Let $n, \in \mathbb {N^*} , n\ge 3$ a) Prove that the polynomial $f (x)=\frac {X^{2^n-1}-1}{X-1}-X^n $ has a divisor of form $X^p +1$ where $p\in\mathbb {N^*} $ b) Show that for $n=7$ the polynomial $f (X) $ has three divisors with integer coefficients .
Problem
Source: Moldova TST 2018
Tags: algebra, polynomial
06.04.2018 14:41
Remark: a) If $n=2k$, the first problem is trivial, because if we denote ${{2}^{n}}-1=m>n$, we have $f(x)={{x}^{m-1}}+{{x}^{m-2}}+...+x+1-{{x}^{2k}}$, so on the basis of Bezout theoreme because we have $f(-1)=0$, result that we have $f$ divisible by $x+1$ And if $n=4k+1$, we have $f(i)=f(-i)=0$, so $f$ is divisible by $x^2+1$. It remain to see the situation $n=4k+3$.
06.04.2018 14:48
$f_n (x)=\frac {X^{2^n-1}-1}{X-1}-X^n $ a)$1+x^{v_2(n)} | f_n(x)$ b)$\frac{x^7-1}{x-1} | f_7(x)$
11.11.2021 19:57
rmtf1111 wrote: $f_n (x)=\frac {X^{2^n-1}-1}{X-1}-X^n $ a)$1+x^{v_2(n)} | f_n(x)$ It's not true when n is odd.
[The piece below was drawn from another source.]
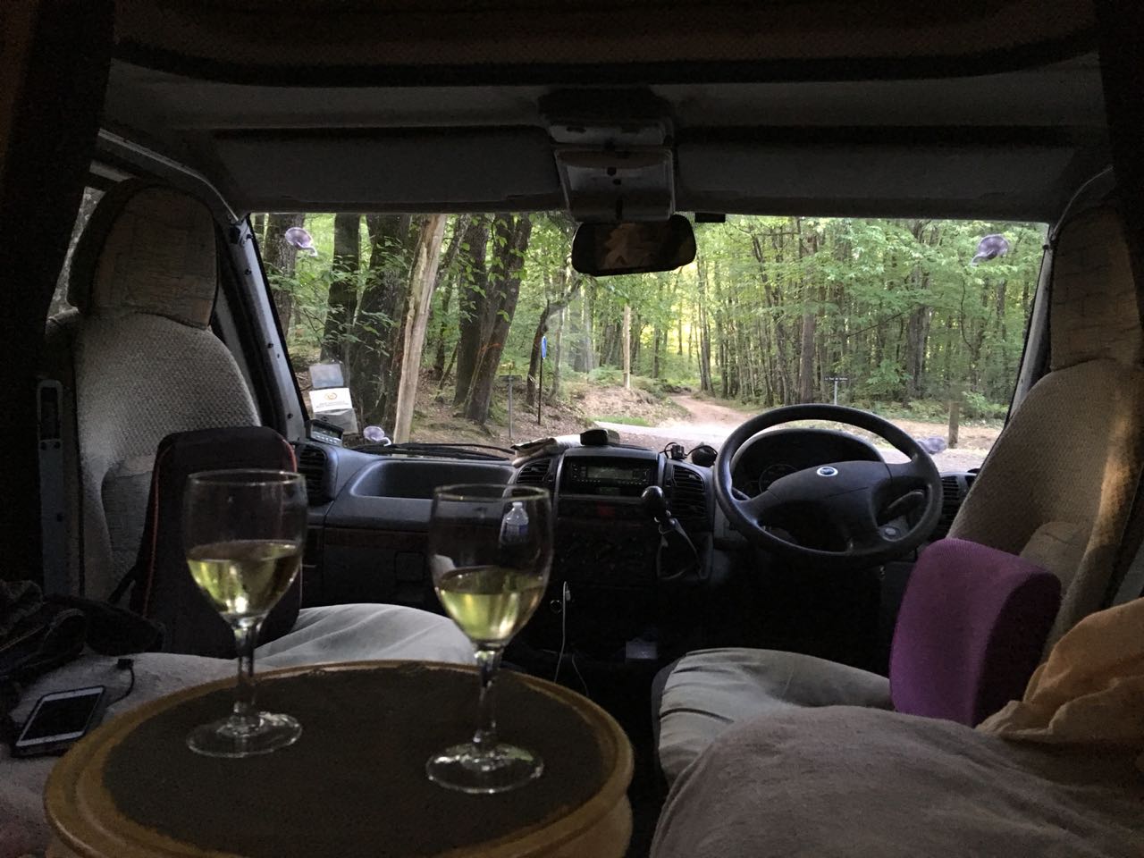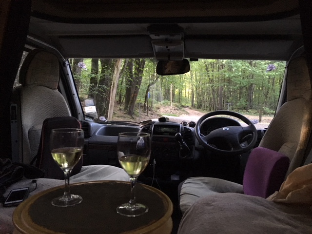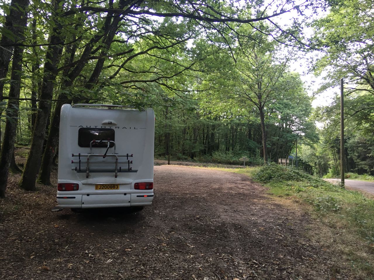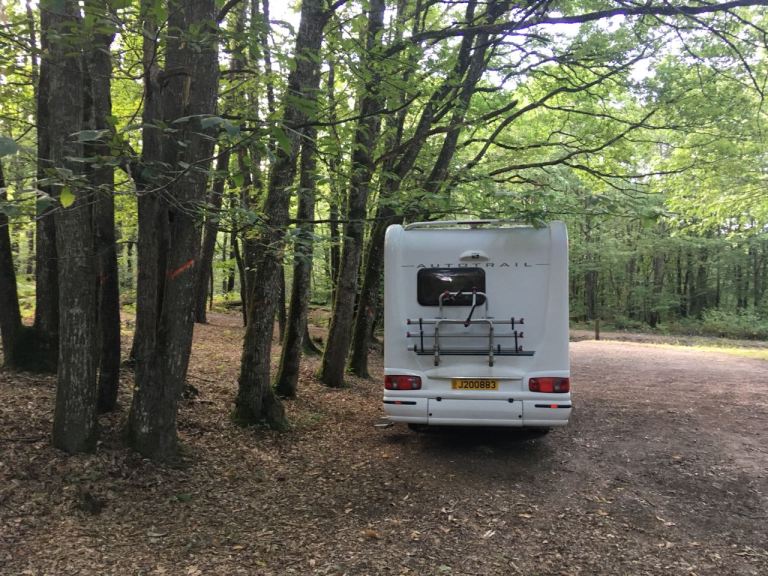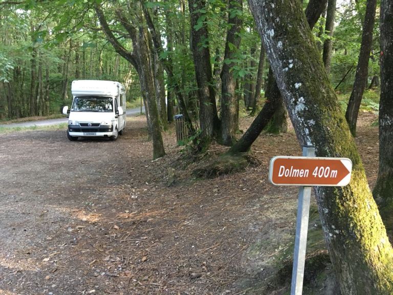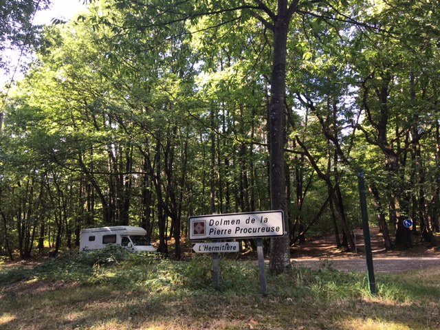 Anyway, Gamages proved to be an excellent night stop. Using our trusty Park4night app, we found a small country carpark that served a dolmen in a forest, our ideal sort of overnighting place, ie away from civilisation, in the country, very quiet, and no neighbours. Sophie may not have slept very well that first night, but it was a great venue, and I’ll put her difficulty in sleeping down to being so excited to be on a new trip, and being somewhat overwrought from being up so early and all those hours travelling.

You can't say that $2|f_n(x)$ for odd n.
11.11.2021 20:01
$(a)$ $\bullet$ If $n$ is even, choose $p=1$. $\bullet$ If $n$ is odd, choose $p=2^{v_2(n+1)}$
11.11.2021 20:08
For $(b)$ from $(a)$ we get $x^8+1$ is one of the factors. Can someone find $2$ more factors???